In order to use the DataImportHandler offered by Apache Solr, you also need to change the database information in config/solr/data-config.xml
.
The application requires that Solr already has imported the data from the mysql instance (as they will hopefully run in parallel, and the mysql instance will be used as a backup in case solr fails for some reason).
You need mysql-connector-java in order to use the DataImportHandler.
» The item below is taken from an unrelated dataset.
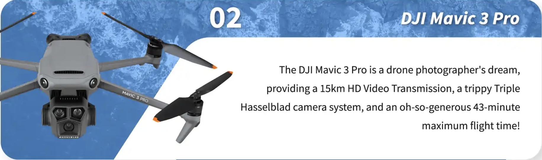 DJI has been making some serious waves in the drone world with the Mavic 3 Pro. This flagship drone features a world-first triple camera system, allowing you to switch between shot compositions with just a tap. Each camera provides a different focal length (24mm/70mm/166mm), providing you with incredible versatility for your aerial storytelling.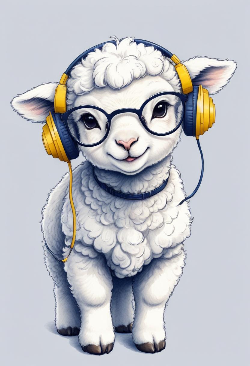 A cartoon lamb with glasses is wearing yellow headphones and looking at the viewer with a smile.

It can be downloaded from MySQL's website and should be placed in {SOLR_HOME_DIR}/contrib/dataimporthandler-extras/lib/
There was also a time zone issue for me, so I had to run
mysql_tzinfo_to_sql /usr/share/zoneinfo | mysql -u root mysql -p
And then change my default time zone to Europe/Sofia:
I added:
[mysqld]
default_time_zone=Europe/Sofia
to /etc/mysql/my.cnf
When running cargo build
I got the following error:
"/usr/bin/ld: cannot find -lmysqlclient: No such file or directory"
After apt search mysqlclient
, I found a apt install
ed default-libmysqlclient-dev
.
./bin/solr start -e cloud
./bin/solr start -c -p 8983 -s example/cloud/node1/solr
./bin/solr start -c -p 7574 -s example/cloud/node2/solr -z localhost:9983
./bin/solr stop -all
The scripts for creating and deleting a collection can be found as a comment in solrconfig.xml More information can be found here: https://lucene.apache.org/solr/guide/8_6/solr-tutorial.html
Before running set the environment variables SOLR_PATH
and SOLR_CONFIG_PATH
to point to solr and the solr configuration files respectively. The solr configuration files are in config/solr
, so set SOLR_CONFIG_PATH to something like ~/querty/config/solr
(tildas are supported).
Another option is to set the path_to_solr
and path_to_solr_config
variables in config/config.toml
(The environment variables are checked first and if they are not set, the config file variables are used).
To test the rust code:
cargo run
(make sure the mysql database and solr are running and the configuration in config/config.toml
is correct)
To test or run the website classifier server check the README in classifier/
Since the web API is using Rocket (for now), and Rocket requires rust-nighly, in order to cargo run
the project, you will have to configure rust-nightly:
rustup default nightly
or if you want to configure it only for the current directory:
rustup override set nightly
Then update rust:
rustup update && cargo update
I'm not sure how good of an idea it is to create the web API in rust. I mainly went for it, because the idea of this project is for me to learn rust. If this project ever becomes more serious, the web API will need to be rewritten in a more suitable language and framework. However, this is not a priority for now.